- **What to work on**
Everything in the listing below from the line containing "미니송풍기 본체와 하얀색 박스 하나가" through the line containing "柔らかい風合いのタフタを使用" must be repeated exactly; the remaining lines are not wanted.

- **The data**
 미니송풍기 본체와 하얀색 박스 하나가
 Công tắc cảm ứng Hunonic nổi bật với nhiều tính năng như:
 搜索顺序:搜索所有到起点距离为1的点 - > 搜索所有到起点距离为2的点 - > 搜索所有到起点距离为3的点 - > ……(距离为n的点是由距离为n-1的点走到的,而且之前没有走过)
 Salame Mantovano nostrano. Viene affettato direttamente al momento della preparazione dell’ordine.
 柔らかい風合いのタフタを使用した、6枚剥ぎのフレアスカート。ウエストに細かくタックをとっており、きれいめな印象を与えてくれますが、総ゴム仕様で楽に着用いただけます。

* * *

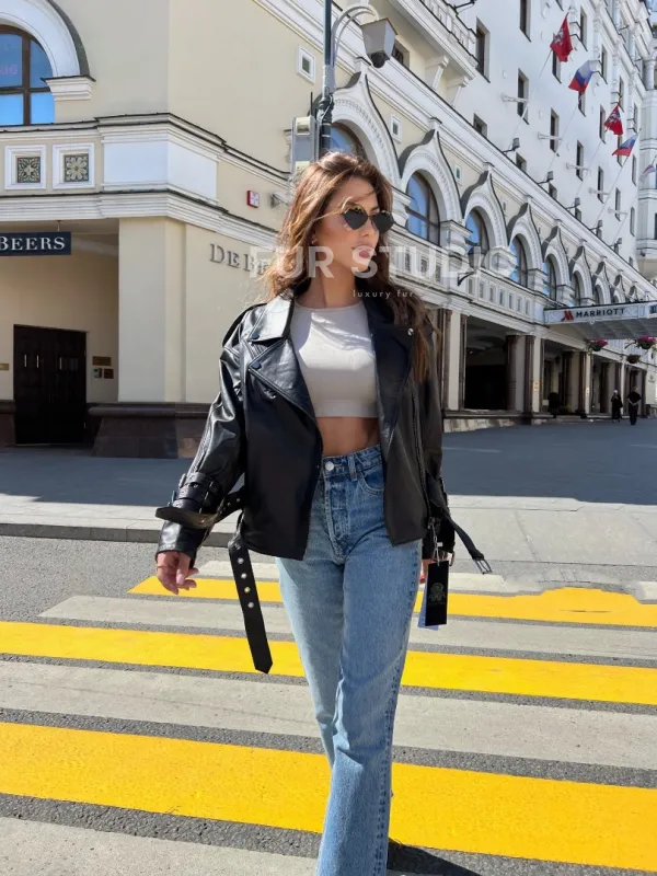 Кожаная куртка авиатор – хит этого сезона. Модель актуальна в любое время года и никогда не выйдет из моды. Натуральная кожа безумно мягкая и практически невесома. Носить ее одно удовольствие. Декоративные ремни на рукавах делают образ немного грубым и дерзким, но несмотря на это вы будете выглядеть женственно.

- **Solution to this exercise**
 미니송풍기 본체와 하얀색 박스 하나가
 Công tắc cảm ứng Hunonic nổi bật với nhiều tính năng như:
 搜索顺序:搜索所有到起点距离为1的点 - > 搜索所有到起点距离为2的点 - > 搜索所有到起点距离为3的点 - > ……(距离为n的点是由距离为n-1的点走到的,而且之前没有走过)
 Salame Mantovano nostrano. Viene affettato direttamente al momento della preparazione dell’ordine.
 柔らかい風合いのタフタを使用した、6枚剥ぎのフレアスカート。ウエストに細かくタックをとっており、きれいめな印象を与えてくれますが、総ゴム仕様で楽に着用いただけます。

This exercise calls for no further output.